According to the Appalachian Mountain Club’s Maine Mountain Guide, at 4,180 feet high, Old Speck is Maine’s third-highest peak.

Called out again

Many of the same rescuers also returned late Tuesday afternoon to the Eyebrow Trail area to help carry out a Rumford hiker, Thomas Culver, 30, who suffered dehydration seizures.

Latti said a group of hikers reached the tower on Old Speck without problem climbing the Appalachian Trail, also known as Old Speck Trail, a distance of about four miles.
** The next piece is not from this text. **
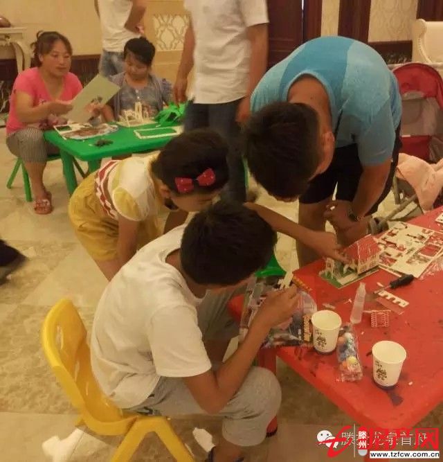 高聳的法式塔,古典的中式房,美麗的農家小院組合、拼裝,最后再加上頗有新穎的彩色涂鴉,看著自己親手做的城堡。在溫度適宜的空調間里,開開心心滿足的不得了。小朋友們認真尋找拼接方式的模樣可愛極了,被抱著的小寶貝可想玩了呢,炎熱的周末頓時增添了許多趣味!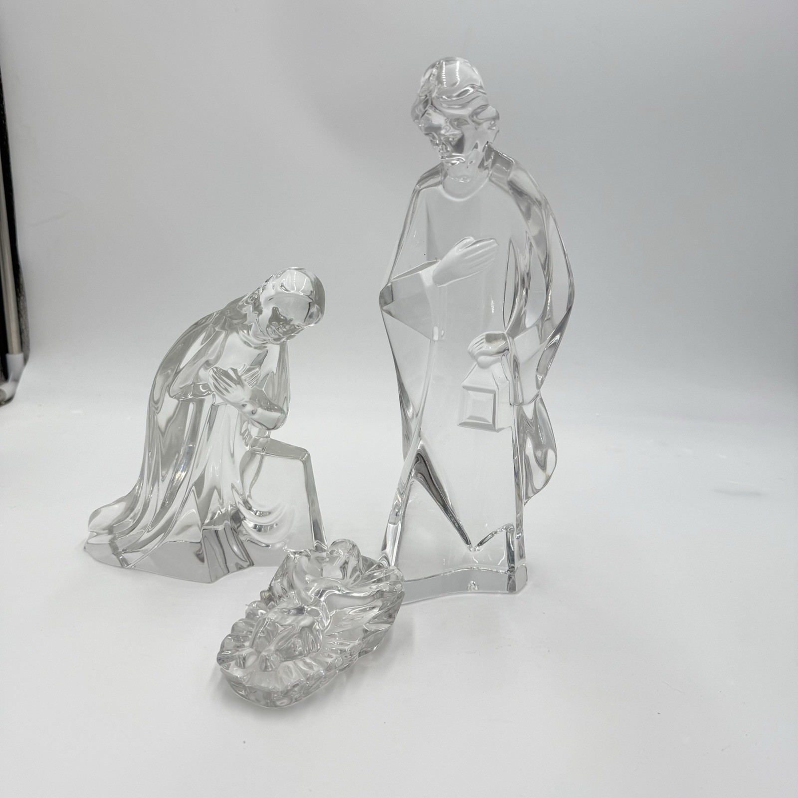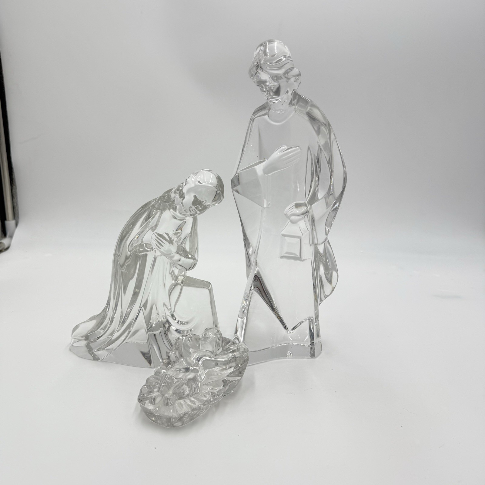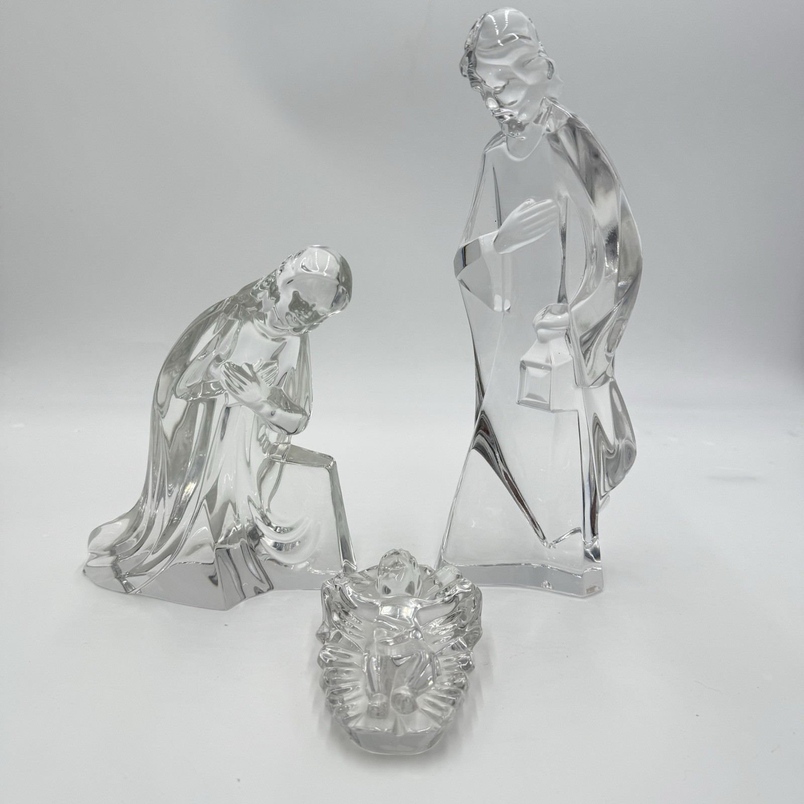 Mikasa Large Lead Crystal 3 Piece Nativity Set Jesus Mary Joseph Germany Vintage

Then, they turned around to hike back to the parking lot. Just above the Eyebrow Trail intersection with the Appalachian Trail, nearly two miles up the mountain, Culver began to have seizures, Latti and Baribeau said.

The girlfriend stayed with Culver, who also fell on the trail and scraped a knee and was unable to walk due to dehydration. The others hiked out and called 911. Latti said the warden service was notified at about 4:45 p.m. and sent four wardens. Other rescuers responding included, Mahoosuc Rescue; Bethel Rescue; Andover, Mexico and Rumford firefighters, and Outward Bound of Newry. Overall, about 30 people came to help.

Latti said a medical team went up first to determine if it could rehydrate Culver with intravenous fluids. But that failed, and they realized Culver was unable to walk, so a carry-out team hiked up and brought him out to the parking lot by about 11:30 p.m. Culver was then taken by ambulance to Rumford Hospital.